_What the task asks_
Return the following lines and nothing else: the one holding "काठमाडौं । कैलाली" and all those after it in the records below, unchanged, minus any pictures.

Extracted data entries

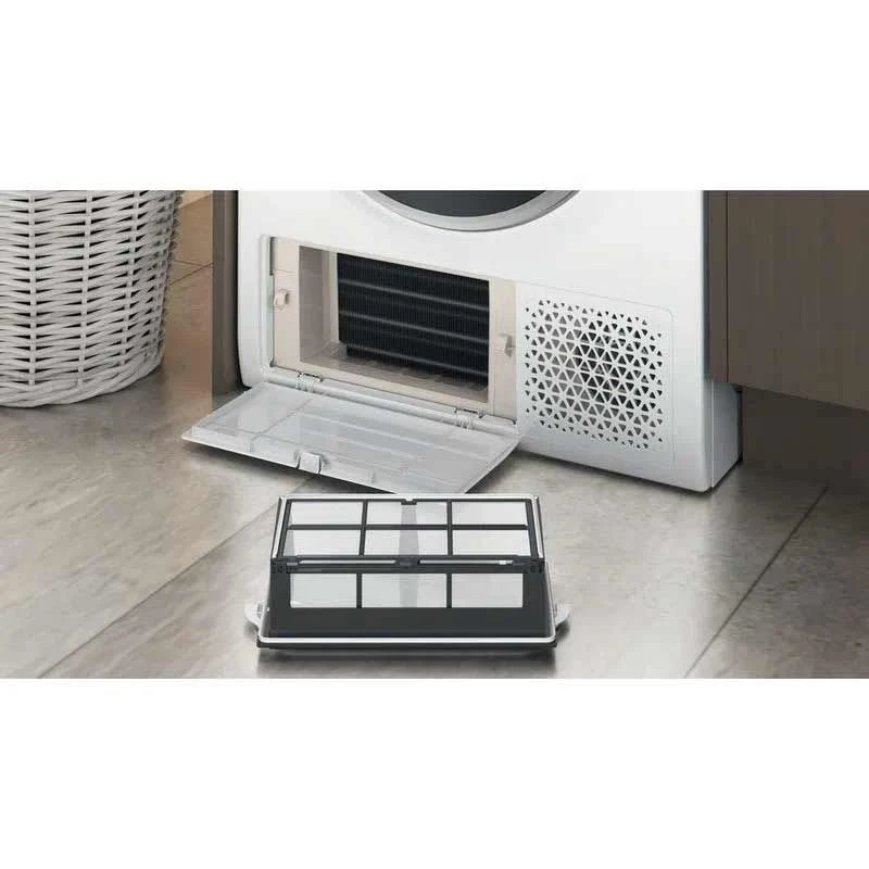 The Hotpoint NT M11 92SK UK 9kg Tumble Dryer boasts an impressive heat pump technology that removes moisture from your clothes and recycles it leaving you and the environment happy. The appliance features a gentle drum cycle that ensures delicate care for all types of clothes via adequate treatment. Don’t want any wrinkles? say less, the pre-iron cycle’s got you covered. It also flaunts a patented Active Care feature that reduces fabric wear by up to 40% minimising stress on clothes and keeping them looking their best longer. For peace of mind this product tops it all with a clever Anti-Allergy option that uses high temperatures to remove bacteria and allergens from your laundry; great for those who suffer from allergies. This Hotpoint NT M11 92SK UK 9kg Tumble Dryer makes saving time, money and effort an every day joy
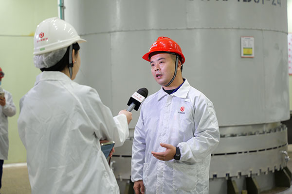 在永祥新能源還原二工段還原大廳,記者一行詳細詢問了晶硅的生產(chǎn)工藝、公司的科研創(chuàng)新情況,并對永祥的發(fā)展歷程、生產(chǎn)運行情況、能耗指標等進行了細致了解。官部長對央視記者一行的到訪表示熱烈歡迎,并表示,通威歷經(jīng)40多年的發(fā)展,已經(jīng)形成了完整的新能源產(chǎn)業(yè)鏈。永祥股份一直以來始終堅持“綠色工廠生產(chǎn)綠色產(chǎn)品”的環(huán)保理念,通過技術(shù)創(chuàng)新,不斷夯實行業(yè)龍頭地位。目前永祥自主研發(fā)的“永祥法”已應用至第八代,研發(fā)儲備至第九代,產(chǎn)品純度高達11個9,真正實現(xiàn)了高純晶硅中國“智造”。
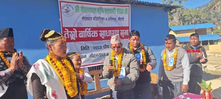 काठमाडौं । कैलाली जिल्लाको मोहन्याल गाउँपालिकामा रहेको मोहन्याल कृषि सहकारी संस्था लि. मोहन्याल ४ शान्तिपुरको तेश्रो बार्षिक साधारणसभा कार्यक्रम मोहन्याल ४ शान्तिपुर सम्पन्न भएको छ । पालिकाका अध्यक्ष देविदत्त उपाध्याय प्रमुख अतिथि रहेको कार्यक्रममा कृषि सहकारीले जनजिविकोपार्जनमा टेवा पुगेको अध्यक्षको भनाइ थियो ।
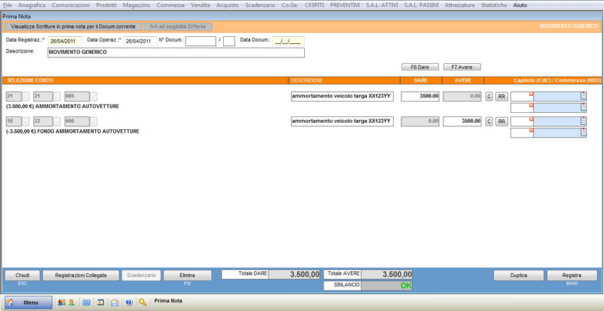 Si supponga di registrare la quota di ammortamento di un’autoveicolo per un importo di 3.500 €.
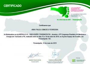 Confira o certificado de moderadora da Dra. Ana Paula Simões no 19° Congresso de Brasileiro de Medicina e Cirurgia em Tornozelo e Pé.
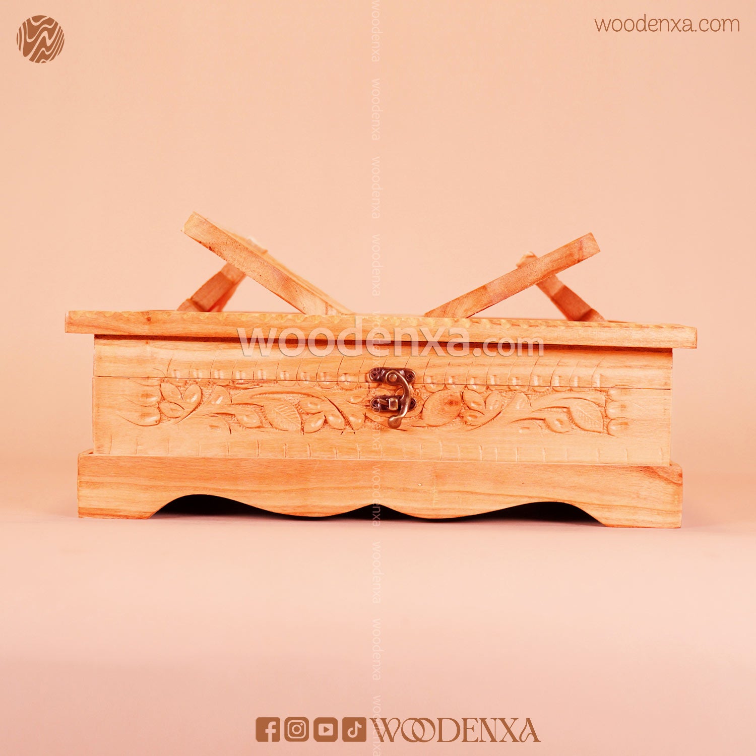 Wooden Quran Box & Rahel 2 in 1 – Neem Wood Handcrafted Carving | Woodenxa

_Task result_
 काठमाडौं । कैलाली जिल्लाको मोहन्याल गाउँपालिकामा रहेको मोहन्याल कृषि सहकारी संस्था लि. मोहन्याल ४ शान्तिपुरको तेश्रो बार्षिक साधारणसभा कार्यक्रम मोहन्याल ४ शान्तिपुर सम्पन्न भएको छ । पालिकाका अध्यक्ष देविदत्त उपाध्याय प्रमुख अतिथि रहेको कार्यक्रममा कृषि सहकारीले जनजिविकोपार्जनमा टेवा पुगेको अध्यक्षको भनाइ थियो ।
 Si supponga di registrare la quota di ammortamento di un’autoveicolo per un importo di 3.500 €.
 Confira o certificado de moderadora da Dra. Ana Paula Simões no 19° Congresso de Brasileiro de Medicina e Cirurgia em Tornozelo e Pé.
 Wooden Quran Box & Rahel 2 in 1 – Neem Wood Handcrafted Carving | Woodenxa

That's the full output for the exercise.